A Grief Recorded
“No one ever told me that grief felt so like fear.” With these words C. S. Lewis hints at the abyss of bewilderment and panic that comes with loss. [1] One of the few certainties of human life is that we will all, to varying degrees, encounter it. We give the name ‘grief’ to that seemingly insurmountable collection of feelings in an attempt to reclaim control; to provide an explanation for the unwelcome wildness that reigns in body, heart and mind during the early days of bereavement.
In Psalm 31, David describes the far-reaching effects of grief and cries openly to God: “Be merciful to me, LORD, for I am in distress; my eyes grow weak with sorrow, my soul and body with grief” (Psalm 31:9 NIV).Many since David have undertaken to record their own experience of walking through loss; each unique because of their contexts, each similar because of their humanity. Along with Lewis, the French philosopher Roland Barthes (1915–1980) grieved the loss of his mother in his Mourning Diary and welsh poet Dylan Thomas (1914–1953) raged against the dying of his father in his poem Do not go gentle into that good night. More recently, American musician Sufjan Stevens has given music to mourning his mother on his seventh album, Carrie & Lowell (2015). In these public cultural artefacts, we who are grieving or have known grief as a close companion can find words for our sorrow, voices for our sighing and validation for our doubts and questioning.

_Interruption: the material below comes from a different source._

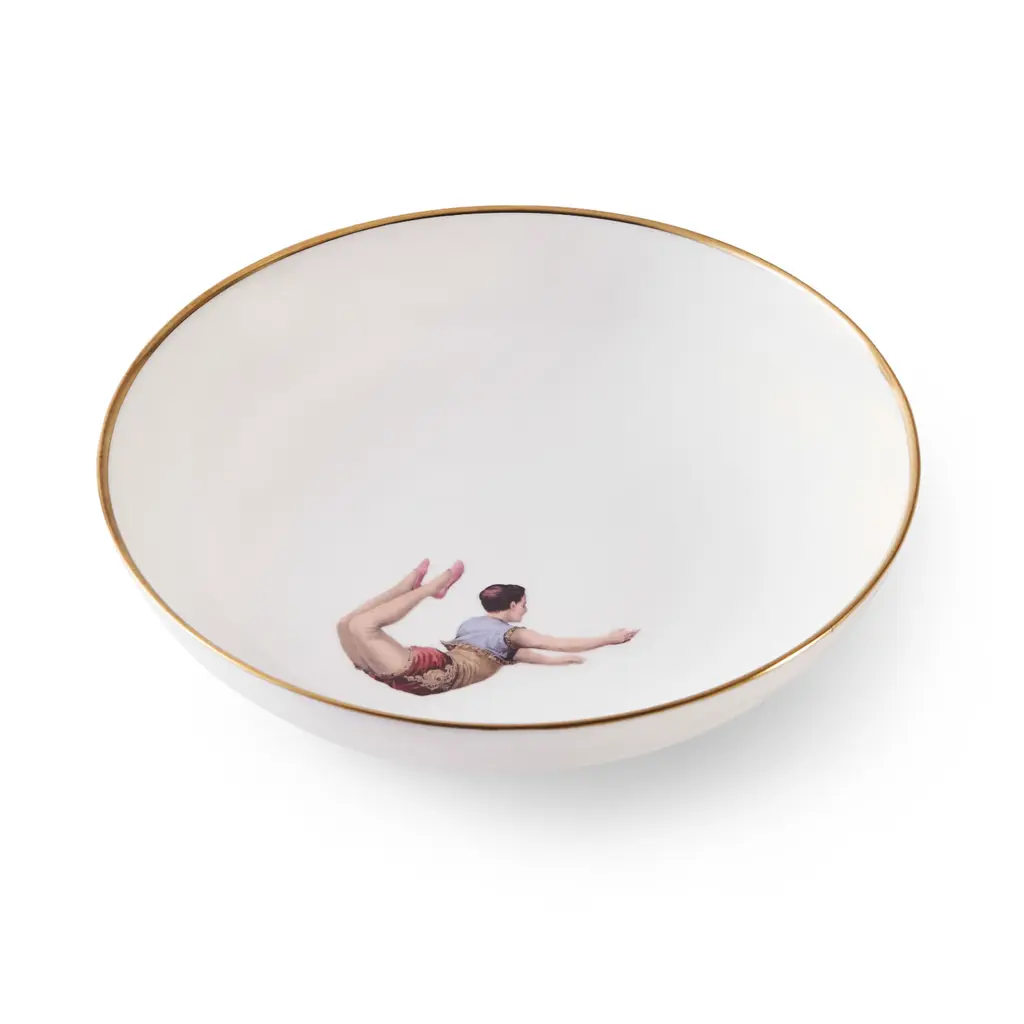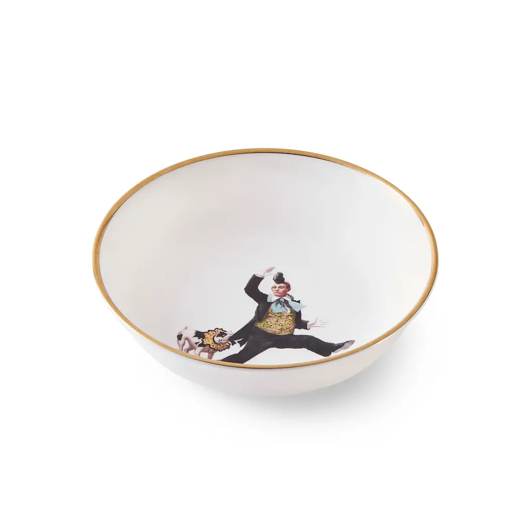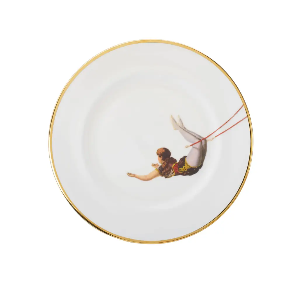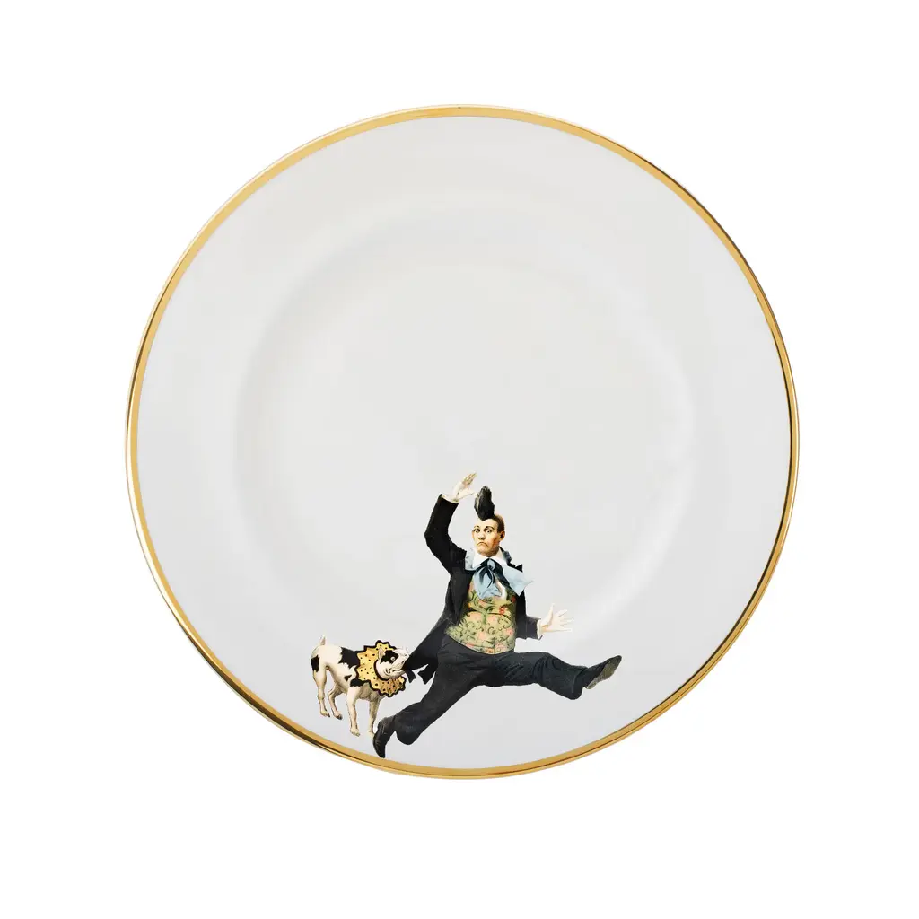 An exquisitely handcrafted fine bone china lunch/salad plate featuring the circus inspired Miss Rose design.Features hand painted 22kt burnished gold edge for luxurious and dishwasher friendly finish.The playful design paired with the best of British craftsmanship makes a wonderful gift for foodie friends and family, design lovers and everyone in between.Perfect on it's own, mix and match with pieces from across the Melody Rose collection to create a unique heritage set with a 21st century twist.

Carrie & Lowell is a lament exploring how and why those left behind are to carry on living.
Stevens is already widely and highly regarded for his previous albums, which cover a broad range of styles and themes, as well as for his remarkable live performances. Named by the leader of the interfaith spiritual community in which his father and stepmother brought him up, Stevens experienced a transient childhood, rarely seeing his mother. Carrie & Lowell is named after her and his stepfather, Lowell Brams, who Stevens now calls his closest fatherly figure. As a musician who is a Christian, his lyrics often allude to biblical ideas, but never more so than on this album. With bare instrumentation and ghostly vocals, Carrie & Lowell is a lament, the lyrics exploring how and why those who are left behind are to carry on living. It does not make for easy listening. Themes of regret, doubt, forgiveness, guilt, and absence, and the insufficiency of memories, are hammered out not with volume, but with unrestrained realism. Death makes life more vivid.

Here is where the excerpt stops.